Investigation of Interleukin-10 Promoter Polymorphisms and Interleukin-10 Levels in Children with Irritable Bowel Syndrome.
- Author:
Man Chin HUA
1
;
Hsun Chin CHAO
;
Tsung Chieh YAO
;
Ming Wei LAI
;
Jing Long HUANG
Author Information
1. Department of Pediatrics, Chang Gung Memorial Hospital, Keelung, Taiwan.

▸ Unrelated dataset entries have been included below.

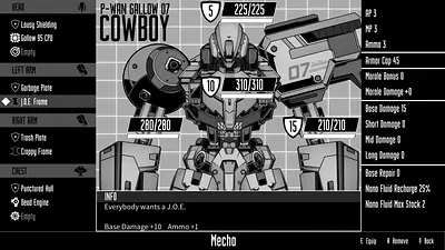 Wolfstride is a role-playing game about three former partners-in-crime coming to a turning point in their lives. When they inherit a junkyard mecha called Cowboy, they reunite to enter the planet’s most elite mecha competition: the Ultimate Golden God Tournament. Each member of the team lends their unique experience as they prepare to outwit the best mecha opponents from around the world. Between dog-mechanic Duque, mecha pilot Knife Leopard, and jack-of-all-trades Dominique Shade, the core crew’s got just about everything covered. That is… until their simple mission to make money unfolds into a deep, slow-burning exploration of their complex lives, the dark choices of their past, and their inevitable fate. The hangar is Duque's domain. Repairing damage between battles is just the beginning. Swap out parts, install upgrades, and add new weapons to improve Cowboy and perfect the custom loadout designed to beat your next opponent. Take the role of exiled former Yakuza, Dominique Shade, to explore every quirky corner of Rain City. A half dozen establishments introduce a kaleidoscope of characters, each offering support, a job, or a biting insult to your journey. Enter the arena to fight it out in giant robots one on one. The turn-based battle system rewards preparation and strategy. Move carefully to get in the best position to attack and keep the enemy off-balance. Target attacks to wear down your opponent or go on the defensive when the fighting gets too hot.
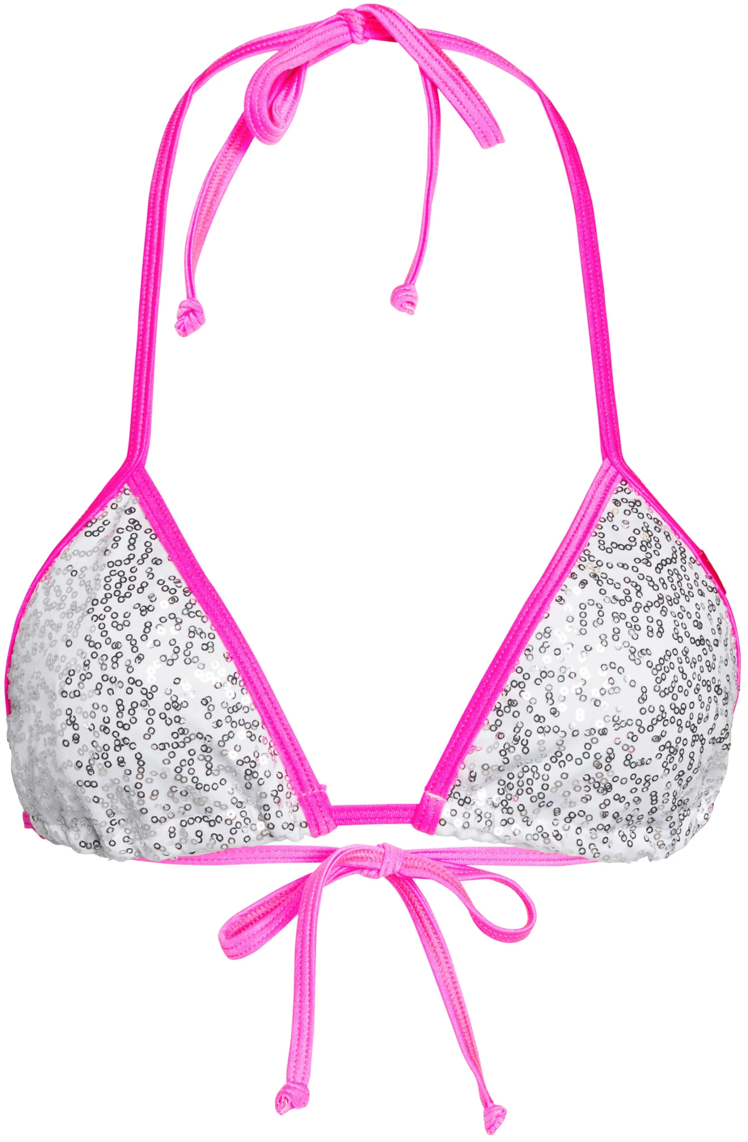 The ultimate party bikini top! This sequin bikini is perfect to wear at the resort, dayclub or even as a competition bikini! DETAILS: Made in the USA. Iridescent sequin body, fully lined. Adjustable triangle bikini top with skinny neck ties and bust pad pockets. Fully lined. CARE INSTRUCTIONS: Hand wash, line dry, no bleach, cool iron if necessary.
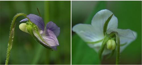 ![]() 【左】距の横からです。萼片が長く毛があるものが多いです。 【左】 深い溝があり、エゾノタチツボスミレの仲間の大きな特徴です。 |
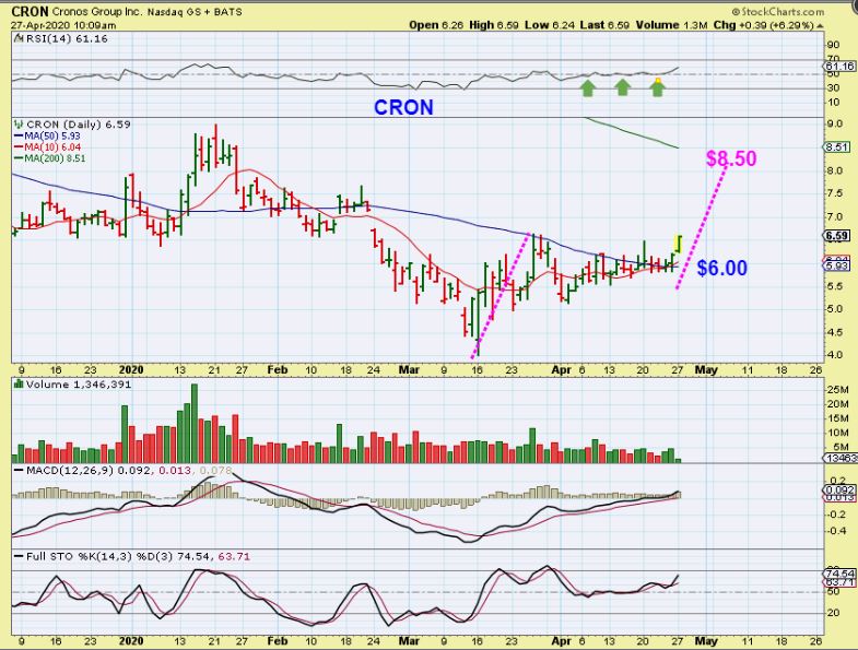 So I then noticed and bought CRON and mentioned it in the live commenting area too. These are good set ups and this may run to the 200 sma.
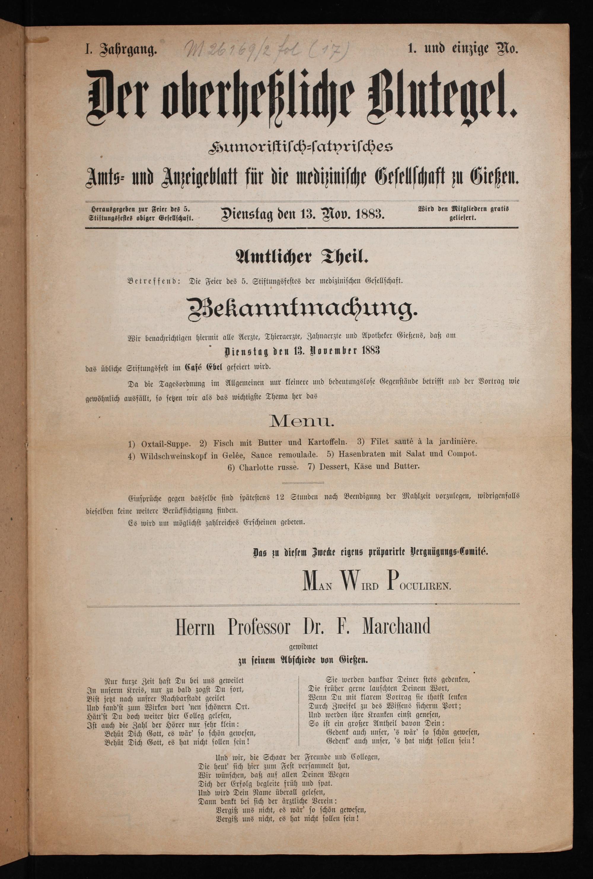 Wir benachrichtigen hiermit alle Aerzte, Thieraerzte, Zahnaerzte und Apotheker Gießens, daß am gdienstag den 13. Uovember 1883 das übliche Stiftungsfeſt im Café Ebel gefeiert wird. Da die Tagesordnung im Allgemeinen nur kleinere und bedeutungsloſe Gegenſtände betrifft und der Vortrag wie
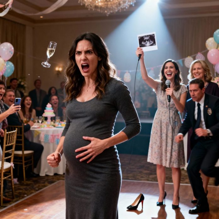 At my own baby shower, my sister grabbed the mic and held up my ultrasound. “Look! Her baby’s disabled!” she laughed. My mother chuckled, “only an idiot would keep trash like that.” I stood up, furious. But before I could speak, my sister kicked me in the stomach with her heel. And what happened next… changed everything.
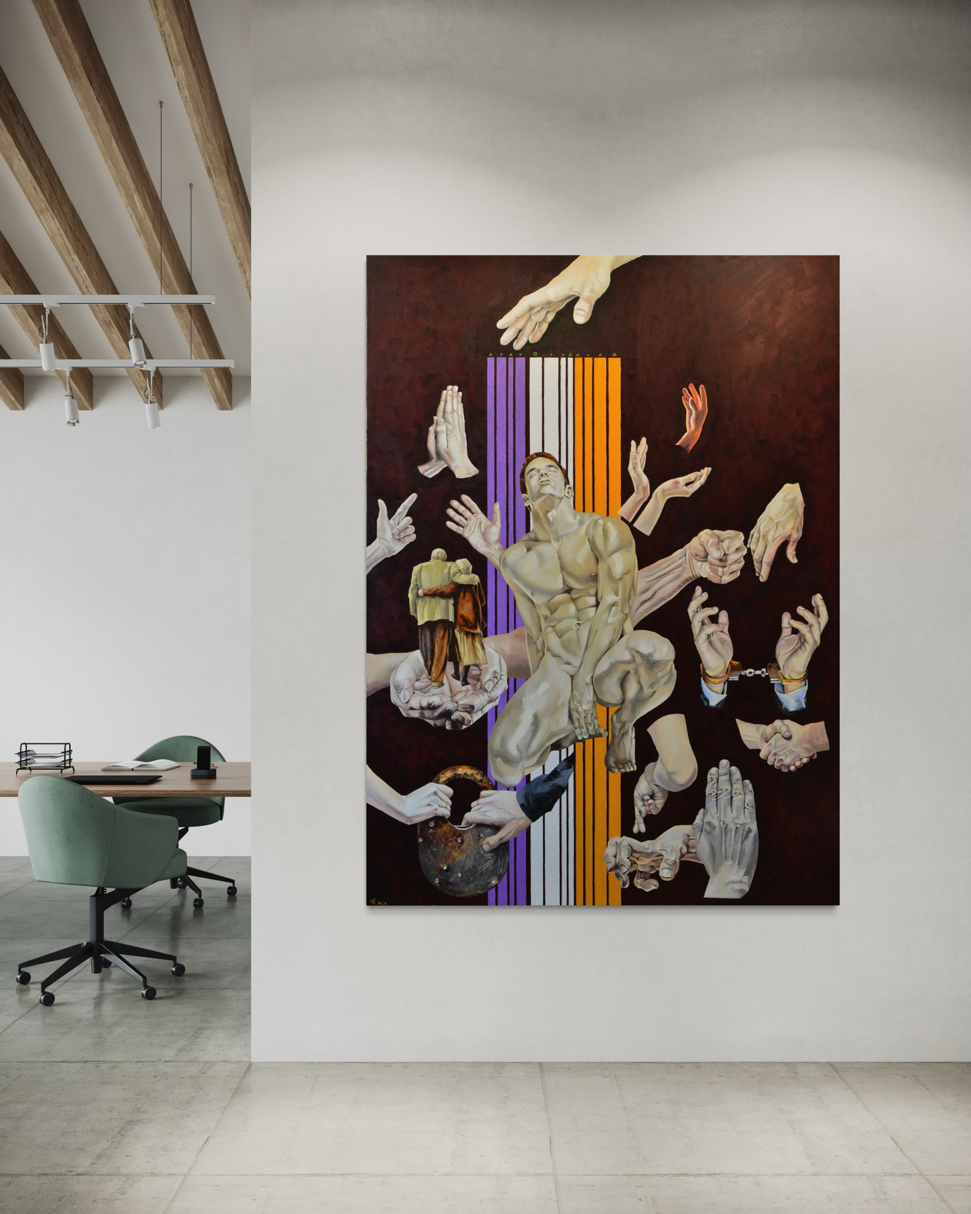 He rises through struggle, lifted by hands, and the quiet hope of becoming whole.

- Publication Type:Original Article
- Keywords:
Irritable bowel syndrome;
Child;
Interleukin-10;
Interleukin-10 gene polymorphisms
- MeSH:
Alleles;
Child;
DNA;
Escherichia coli;
Genetic Variation;
Genotype;
Haplotypes;
Humans;
Interleukin-10;
Interleukins;
Irritable Bowel Syndrome
- From:Gut and Liver
2013;7(4):430-436
- CountryRepublic of Korea
- Language:English
-
Abstract:
BACKGROUND/AIMS: The aim of this study was to investigate whether genetic variations at positions -1082, -819, and -592 in the interleukin (IL)-10 promoter affect IL-10 production in children with irritable bowel syndrome (IBS). METHODS: Ninety-four children with IBS and 102 children as healthy controls (HCs) were enrolled. Genomic DNA was extracted, and IL-10 -1082, -819, and -592 polymorphisms were detected by direct sequencing from all participants. Peripheral blood mononuclear cells (PBMCs) from 46 IBS children and 38 HCs were isolated and cultured with and without 5 ng/mL Escherichia coli lipopolysaccharide (LPS). IL-10 levels in the culture supernatants were measured by enzyme-linked immunosorbent assay. RESULTS: There were no significant differences in the distribution of IL-10 -1082, -819, and -592 polymorphisms or in the allele and haplotype frequencies between IBS children and HCs. PBMCs from children with IBS had significantly lower IL-10 levels after LPS stimulation than PBMCs from HCs (p=0.011); however, LPS-induced IL-10 levels in PBMCs with different genotypes of -819 and -592 polymorphisms were not significantly different between IBS patients and HCs. CONCLUSIONS: Although significantly lower LPS-induced IL-10 production by PBMCs was noted, it is unlikely that IL-10 production was fully genetically determined in our IBS children. ClinicalTrials.gov identifier: NCT01131442.